When you stagger into your apartment, still shaking from the shock, rain dripping from your coat, and your daughter looks up and asks what's wrong, you're already rehearsing the story of minor fender-bender. You explain that when you slammed on the brakes, sliding on the wet roads and getting into a fender-bender, it was actually a miracle. You barely avoided that semi which had just jack-knifed in front of you!

The probable cause of someone saying that your writing jumps around is that there is a feeling that you weren't sure where an idea was taking you until you got there.

Now, if you look up at the two paragraphs above, we just jumped from a disaster to a dry remark about writing. However, they are both thematically bound together by the idea of composing an idea for someone else to understand.

Writing, first and foremost, is riffing on a theme

Obviously, you're making things up when you write fiction, or when you write most anything. At least, you're choosing words and punctuating in the moment. But you are not making everything up out of nothing. Even seat-of-the-pants writers likely have some notion or skeleton forming in their mind before the particular sentences or paragraphs they are currently composing are molded onto that rough frame. And, usually, there isn't really a focus on bridging between individual sentences, or paragraph breaks. You put in a period because you finished saying something. (Not necessarily even a whole idea - but something.)

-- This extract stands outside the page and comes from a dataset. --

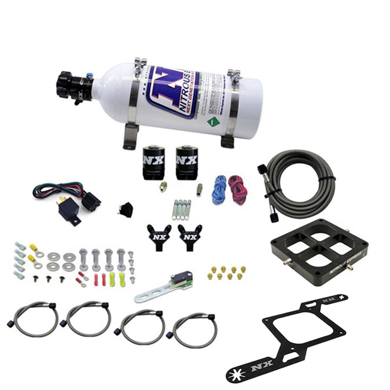 The new NX Billet Crossbar nitrous plate systems have just raised the bar in nitrous plate technology. The CNC machined design eliminates round spray bars resulting in excellent atomization and cylinder distribution. With no spray bars to sag, rotate or disrupt airflow, this is truly the Next Generation in cross bar nitrous plate technology. This system includes a 5lb nitrous bottle with the billet aluminum Lightning 45 bottle valve. This valve not only looks great; It is packed with features including two integrated gauge ports, 5/8 siphon tube, a large .325 orifice and an improved flow path with only one 45 degree turn. The Lightning 45 bottle valve looks great, flows great and weighs nearly one full pound less than our old style brass valve. This crossbar nitrous system includes more than the standard crossbar nitrous kit. It includes a custom solenoid bracket, billet aluminum y fittings, braided stainless solenoid to plate lines, nickel plated fittings, wide open throttle switch, master arming switch, 40 Amp relay and relay harness. This system is designed for DOMINATOR flange manifolds and includes jetting for 50, 100, 150, 200, 250 & 300HP.

You put in a new paragraph for emphasis, maybe, or to give visual variety to a wall of text - or hopefully because you completed a larger thought. That might not have been the best place for a paragraph break, come to think of it. But all the smaller thoughts have to flow together into a bigger thought. That is, you start writing towards a destination. A chapter or scene in a novel needs to be logical - to go 'from here to there.' And that destination moves backwards, becoming clearer, meeting you near the end, or someplace before that. Then the whole piece will have coherence, even if you jumped from a car accident to a reflection on narrative unity. In your mind you've written backwards to meet the beginning, as on the paper you wrote forwards.

At least, that's how I write.

(And then I go back to edit for clarity, and to make sure there aren't any weird gaps in my thinking. You shouldn't skip the editing part.)